# Kids Protective Care



## sadi123 (Jul 5, 2018)

This may sound so egocentric, but what im about to talk to is much likely hit and related to the proper supervision of my kids that is being held by my ex-wife. Not saying that I'm not having the full responsibility of our divorce, but it is already well done and finished. Furthermore, the main point of this is that I would like to clear things out, and these are the legal and proper arrangement of the time that is being allocated to my kids. For all I know is that the Physical Custody or the special visitation of the children is base upon the agreement that we have on the kids and that includes their ages. In some cases, I guess I have the most unfair scenario for the reason that it didn't match directly to the said agreement. Cause in the long period of time, they say that I'm not yet allowed to have a sight with my kids. And for real, I really do miss them so PLEASE, can someone here knows what is the right thing to do in my current situation? 

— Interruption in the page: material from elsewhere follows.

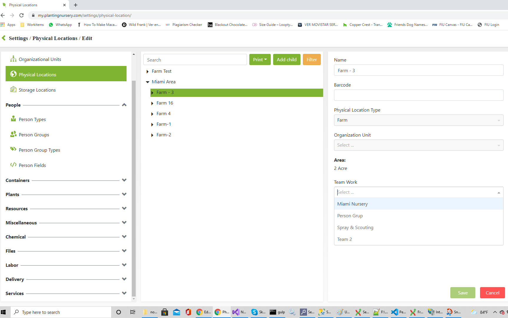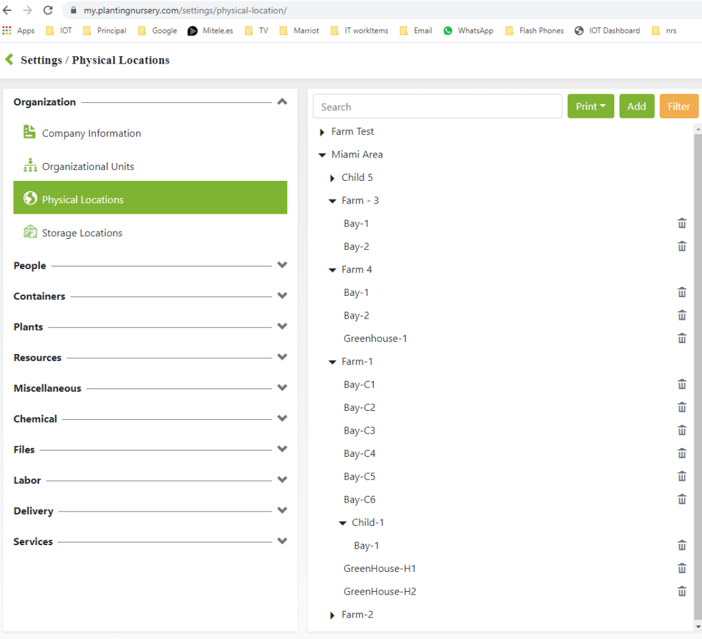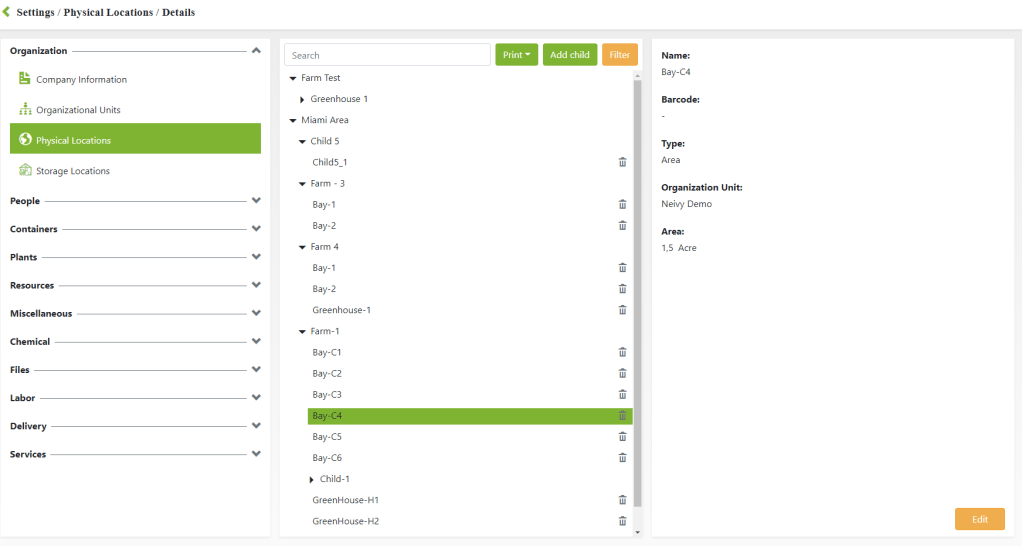 The Physical Locations section defines the different locations for a particular company including the Farms, Bays, and Greenhouses.

Gratitude to all of you. Much appreciated for an open comment and suggestions.


----------



## EleGirl (Dec 3, 2011)

Your post is very hard to understand. So I'm going to ask some questions to see if it can be made clear.

How many children do you have and what are their ages?

How long were you married and how long have you been divorced?

I assume that there is a custody agreement in your divorce. How many hours/days a month are you children with you? Or do you not get any time with them at all? If not why?

Did you have a lawyer for yourself in your divorce?


----------